- _Work to complete_
Starting with the line that contains "サンウェイピラミッドはとても", give again exactly and only each line through the end of the records; include the last line and exclude pictures.

- _Data records_
□ □ □

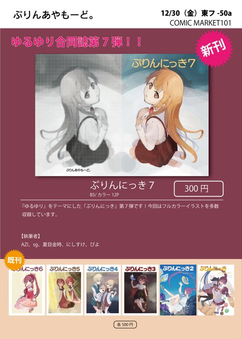 【告知】冬コミで『ぷりんにっき7』頒布します!12/30 東フ50aでお待ちしてます。後日とらのあなでも委託予定です! #C101
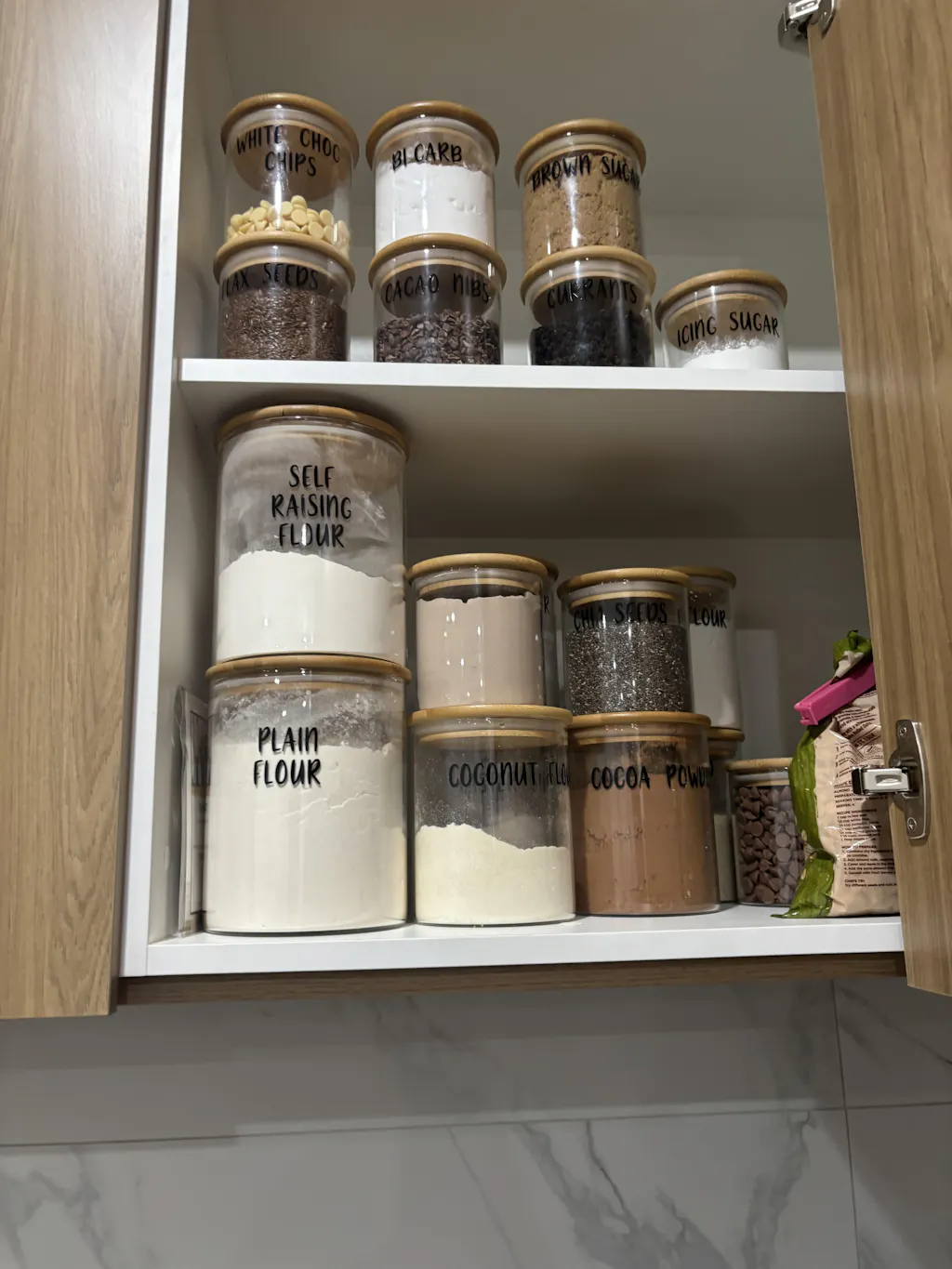 The jars are constructed from high-quality, durable glass allowing ingredients to be identified easily. Features a rubber wood air-tight lid keeping your contents fresher for longer. Jars are dishwasher safe (WITHOUT VINYL LABEL). Hand wash lid only and dry thoroughly before re-using. Use with dry goods only.
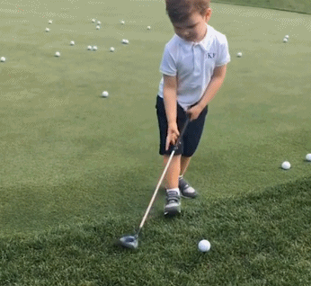 这是约瑟夫2岁时跌跌撞撞打高尔夫的视频,伊万卡的画外音一直在给他打鸡血:太棒了,再来一次!
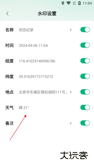 3、可选择需要的要素使用,名称、时间、经度、纬度、地点、天气或是添加备注
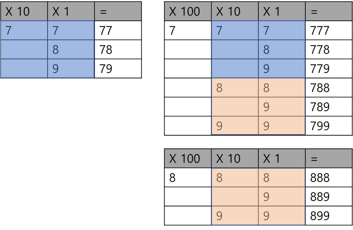 앞의 숫자가 8 일 경우에는, 뒤에 올 수 있는 숫자는 8~9 사이의 값이다.
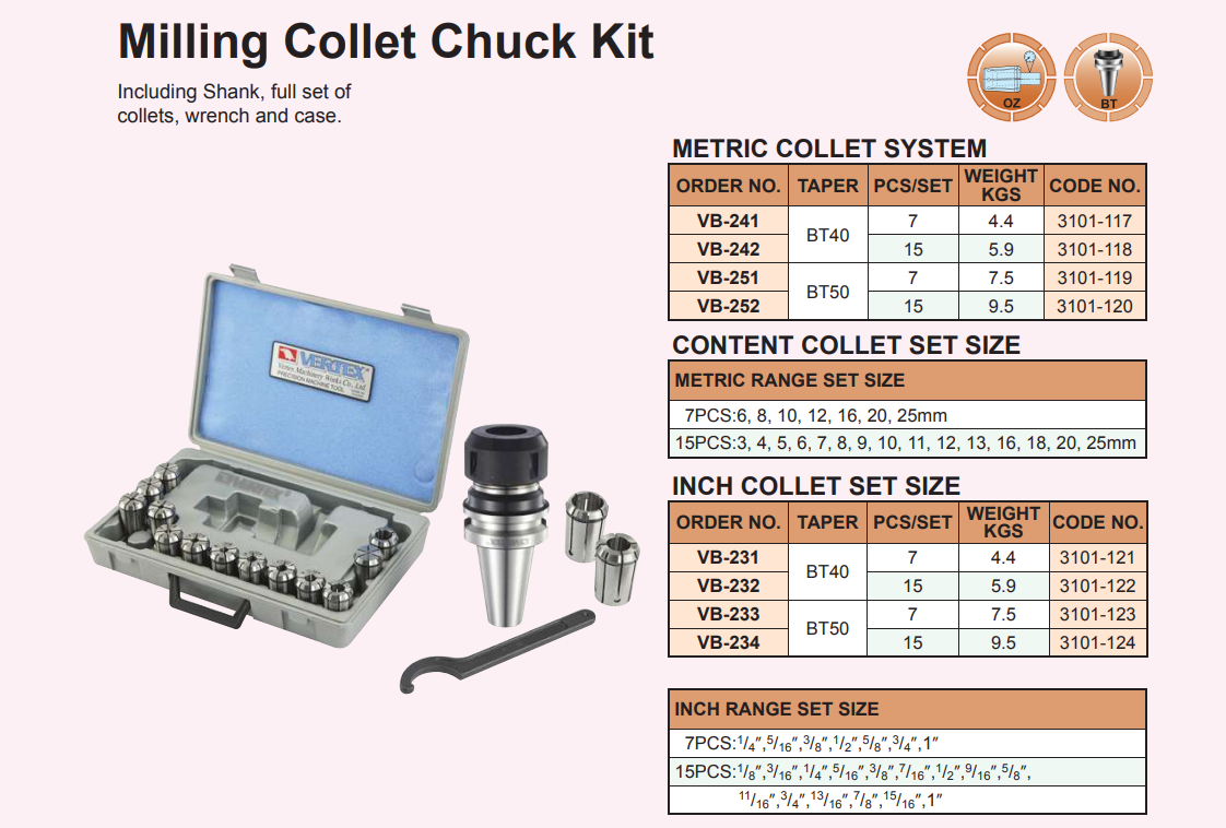 – 1 bộ bầu kẹp collet OZ25 bao gồm: 1 bầu kẹp, 1 chìa vặn, 1 hộp đựng và 7 hoặc 15 collet.
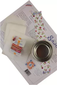 Pour le montage, vous aurez besoin d’un pinceau, d’un peu de colle à tissu et d’un chiffon propre. Vous trouverez ci-dessous une vidéo vous montrant comment réaliser la broderie au point avant et une autre pour le montage de la boîte.
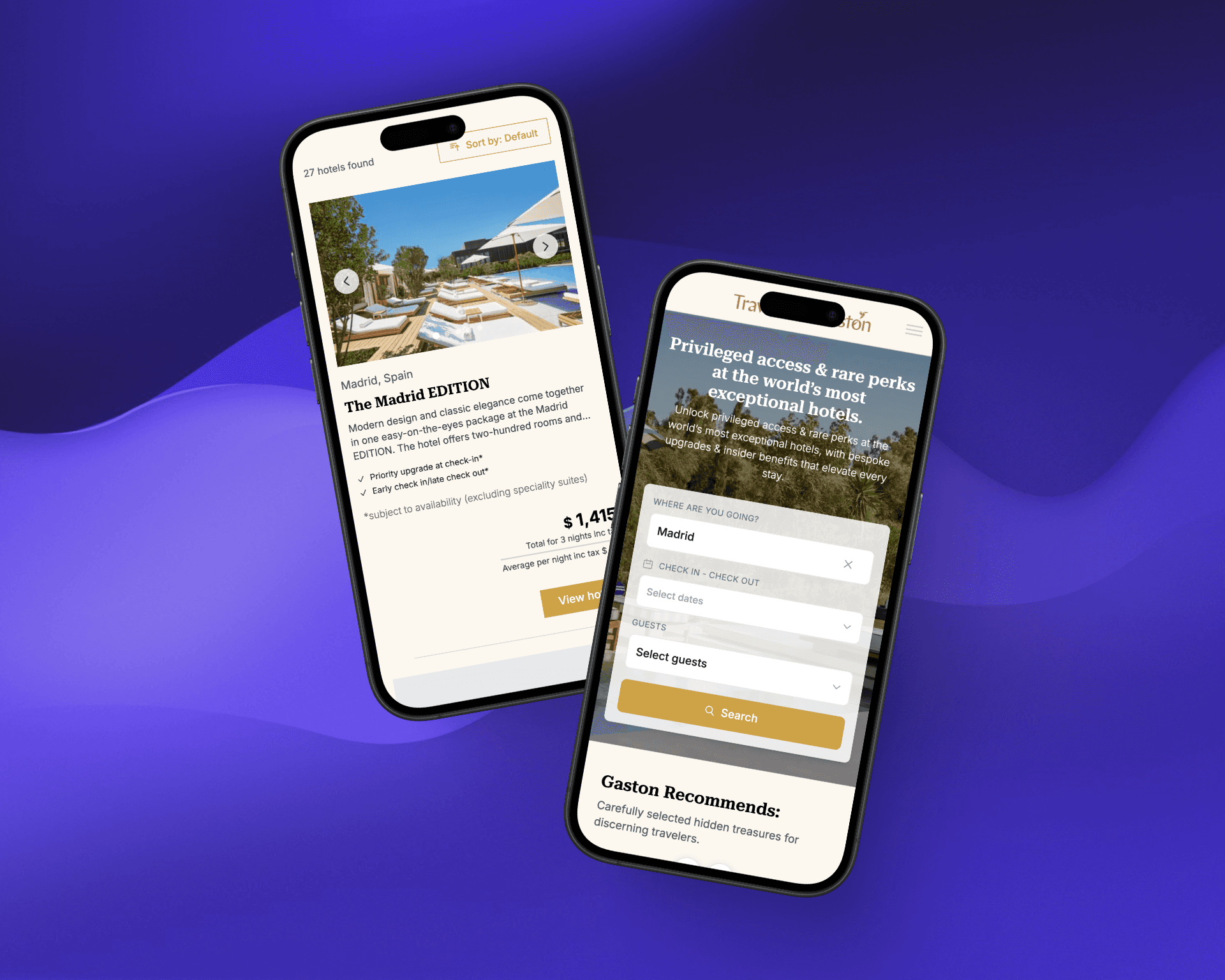Travel with Gaston opera en el sector de viajes y ocio como una plataforma global de comercio electrónico que conecta a viajeros con hoteles y proveedores de alojamiento de lujo. Su misión es ofrecer una experiencia de reserva fluida, confiable y premium para un público exigente que busca calidad y exclusividad.
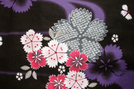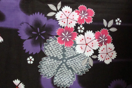 Gorgeous dark traditional Japanese kimono yukata imported directly from Japan, has a dark base color with a purple blue flowers which is beautifully contrasted against small delicate pink cherry blossom flower patterns.
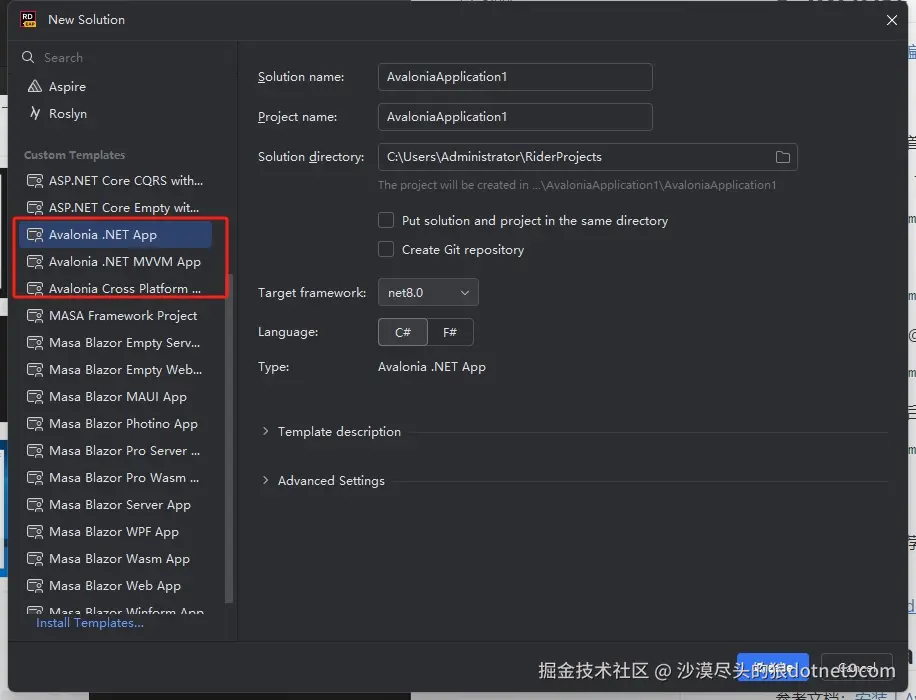 现在,无论是在Visual Studio还是JetBrains Rider中,您都可以使用Avalonia UI模板来创建新项目了。
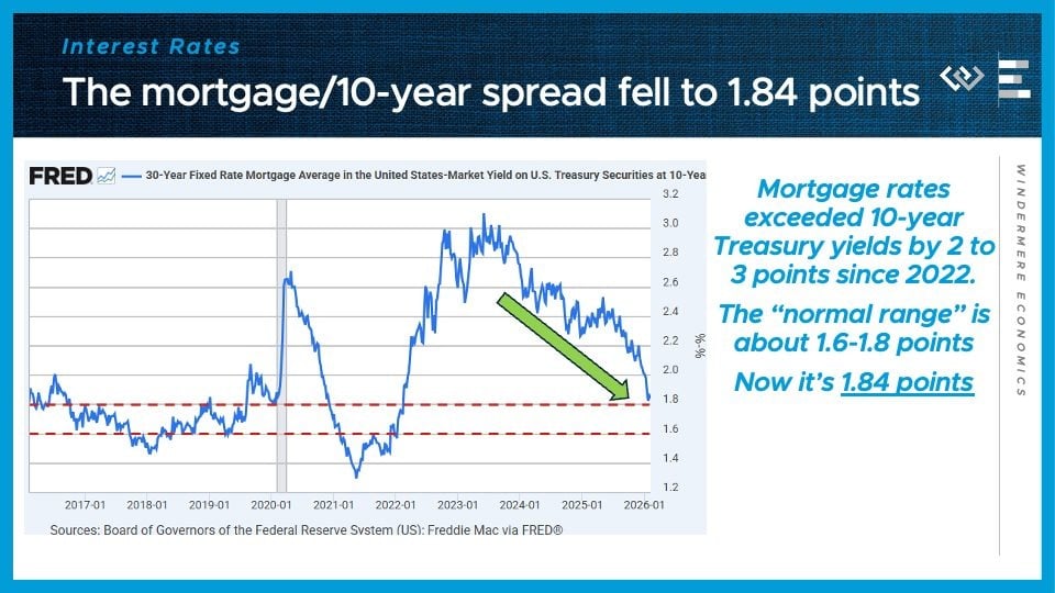 The third number to know right now: 1.84 percentage points. That was the average spread, or how much higher 30-year mortgage rates were than the benchmark 10-year Treasury yield in the first week of February. That means we are knocking at the door of a normal spread after almost four years of a really abnormally wide spread. This was a major culprit in the pain that homebuyers felt trying to get a mortgage. Last month I talked about the surprise announcement that Fannie Mae and Freddie Mac would be buying mortgage-backed securities, and I think the proof is in the pudding that the news of that purchasing plan helped bring this spread down by that last 30 basis points just in the last month.
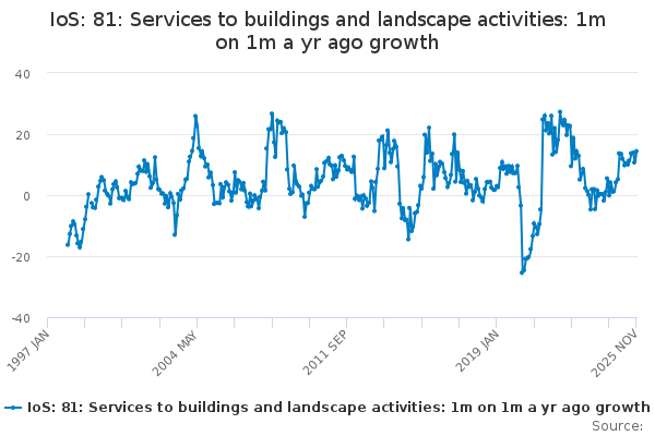 Download this time seriesIoS: 81: Services to buildings and landscape activities: 1m on 1m a yr ago growth
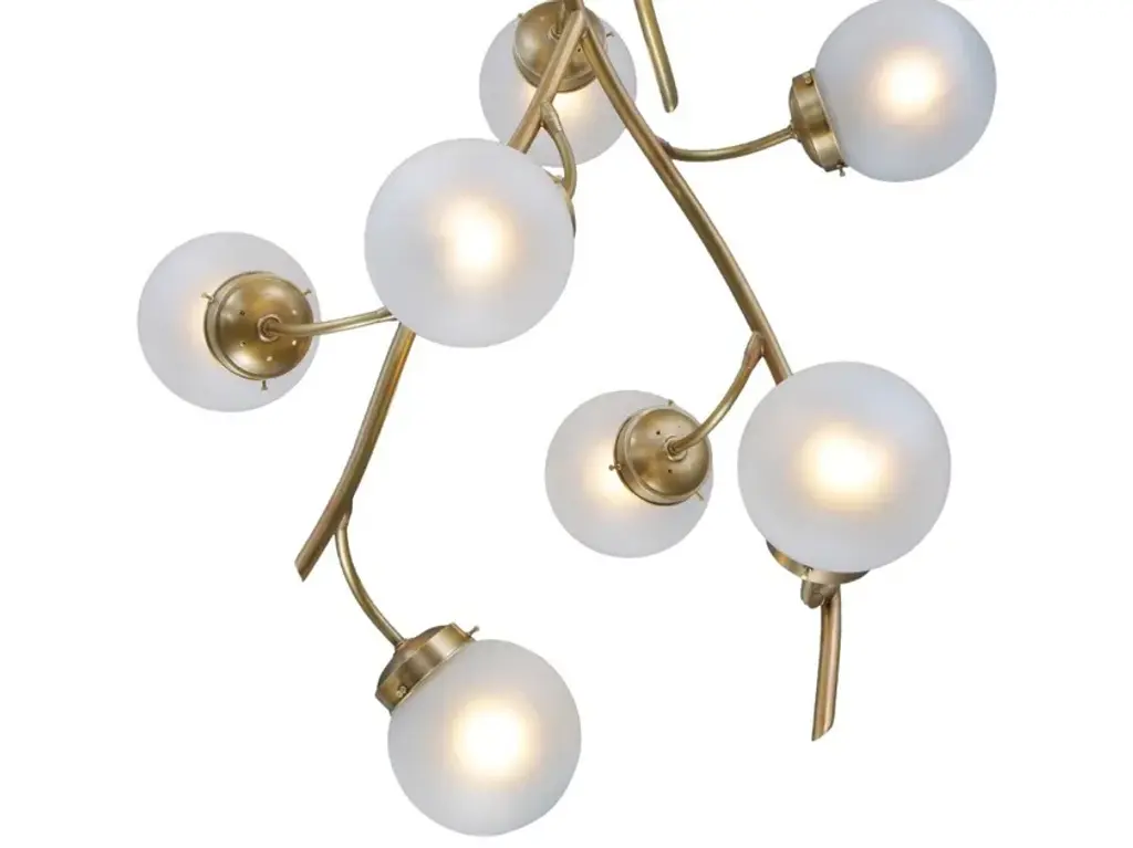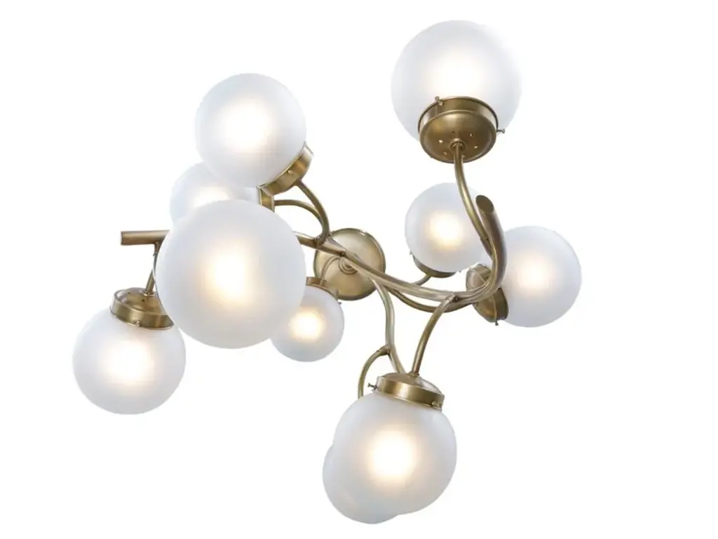 Primavera 10 is a ceiling lamp made of brass available in different finishes.Finishes: Antique, Shiny brass, Matt brass, Shiny nickel, Matt nickelCapacity: 10x75 W E27All lamps from the BOHÉM range and its 4 collections (INVERNO, PRIMAVERA, OTTONE, ECLIPSE) are handcrafted in brass (available in 5 finish variations) and customizable. Due to their variability they can be easily adapted into residential and hospitality projects.
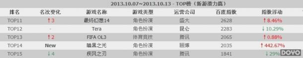 潜力榜方面,《最终幻想14》热度稍涨,由天津颐博公司研发的《暗黑之光》上周开测热度飙升,这次也在我们的新游榜当中小露一面。《疾风之刃》由于长期没有消息,下滑幅度较大。
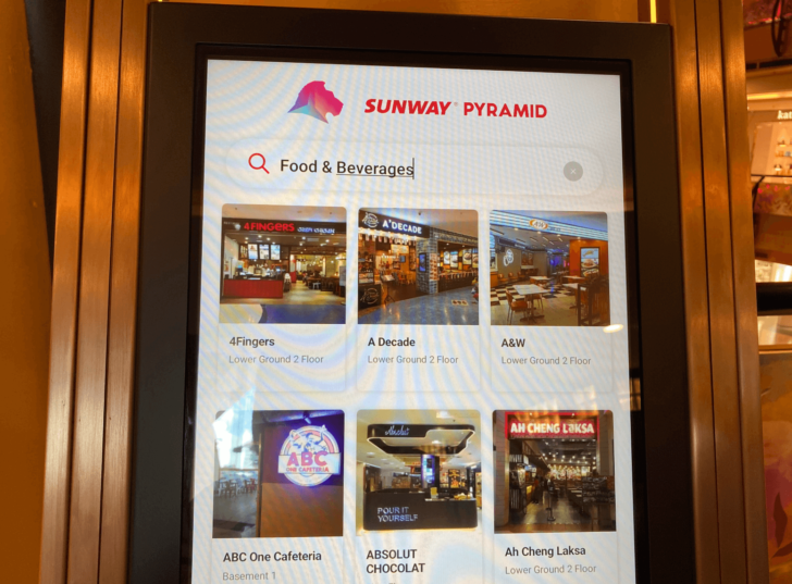 サンウェイピラミッドはとても広いので目当ての店を探すのが大変ですが、各フロアのエスカレーター横にはディクショナリーが設置されています。お店を検索するだけでなく、現在地からの行き方も表示してくれるのでぜひ使ってみてください。
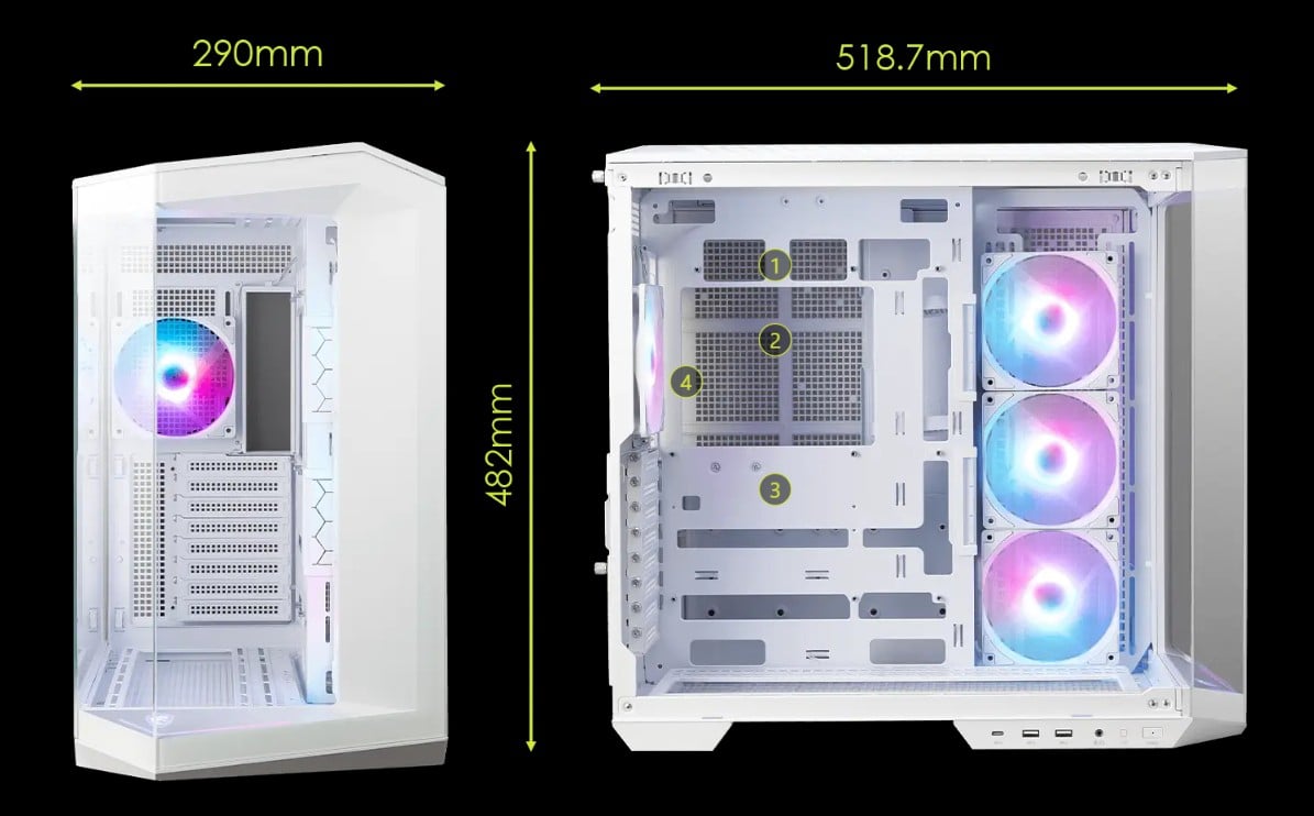 Pre-installed with 3 x ARGB reverse blade fans at the side and 1 x ARGB fan at the rear, ensuring optimal airflow while maintaining a pleasing and clean appearance.

□ □ □

- _Answer space_
 サンウェイピラミッドはとても広いので目当ての店を探すのが大変ですが、各フロアのエスカレーター横にはディクショナリーが設置されています。お店を検索するだけでなく、現在地からの行き方も表示してくれるのでぜひ使ってみてください。
 Pre-installed with 3 x ARGB reverse blade fans at the side and 1 x ARGB fan at the rear, ensuring optimal airflow while maintaining a pleasing and clean appearance.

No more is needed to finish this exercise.